2026-03-31

1-bit Bonsai 8B

PrismML

llm-quantization edge-deployment 1-bit-models

problem

LLM inference at deployment is dominated by memory bandwidth, not compute. during autoregressive token generation, every output token requires reading the full set of model weights from memory, making weight precision the primary lever for deployment efficiency. pushing below 4-bit has been attempted (BitNet b1.58, OneBit), but quality degrades in brittle ways – models stay fluent but lose reliability on multi-step reasoning, tool use, and edge cases. near-1-bit approaches also tend to require custom calibration sets, auxiliary metadata, partial higher-precision escape hatches, or bespoke runtimes that don’t integrate with standard inference stacks. the result: 1-bit has remained theoretically appealing but practically out of reach for production deployment.
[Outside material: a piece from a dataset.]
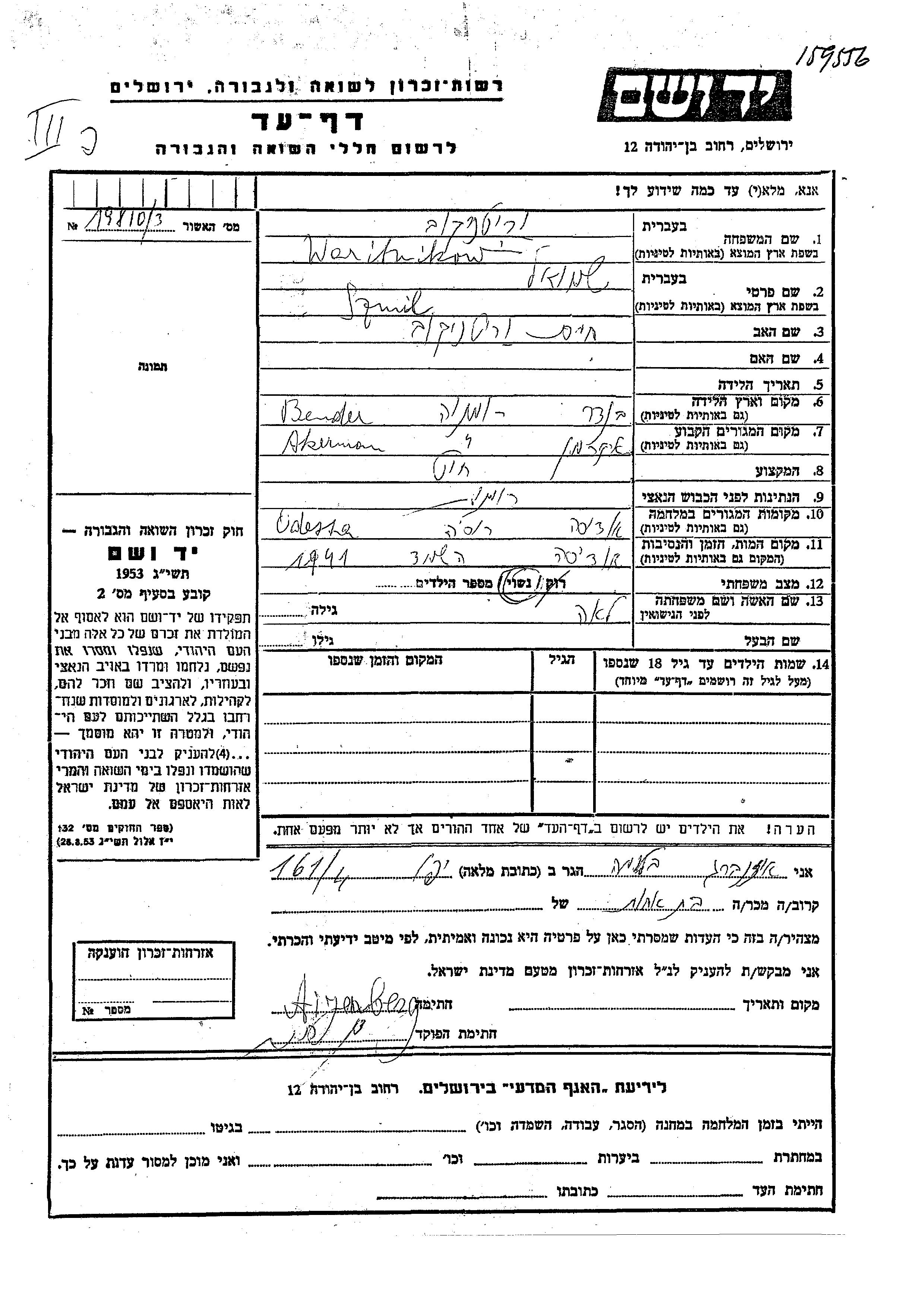 Waritnikow Szmil Akerman, Roumanie Feuille de témoignage

PrismML’s thesis is that the bottleneck is not arithmetic throughput but memory traffic. an 8B model at FP16 needs 16.38 GB in memory. at 1.125 bits/weight, that drops to ~1.15 GB – a 14.2x reduction that directly translates to faster generation and lower energy per token because fewer bytes must be moved through the memory hierarchy on every decoding step.

architecture

1-bit Bonsai 8B is built from Qwen3-8B with architecture unchanged (8.19B params, 36 transformer blocks, GQA with 32 query / 8 KV heads, SwiGLU MLP, RoPE, RMSNorm, 65,536 context). the novelty is entirely in the deployment format and inference kernels.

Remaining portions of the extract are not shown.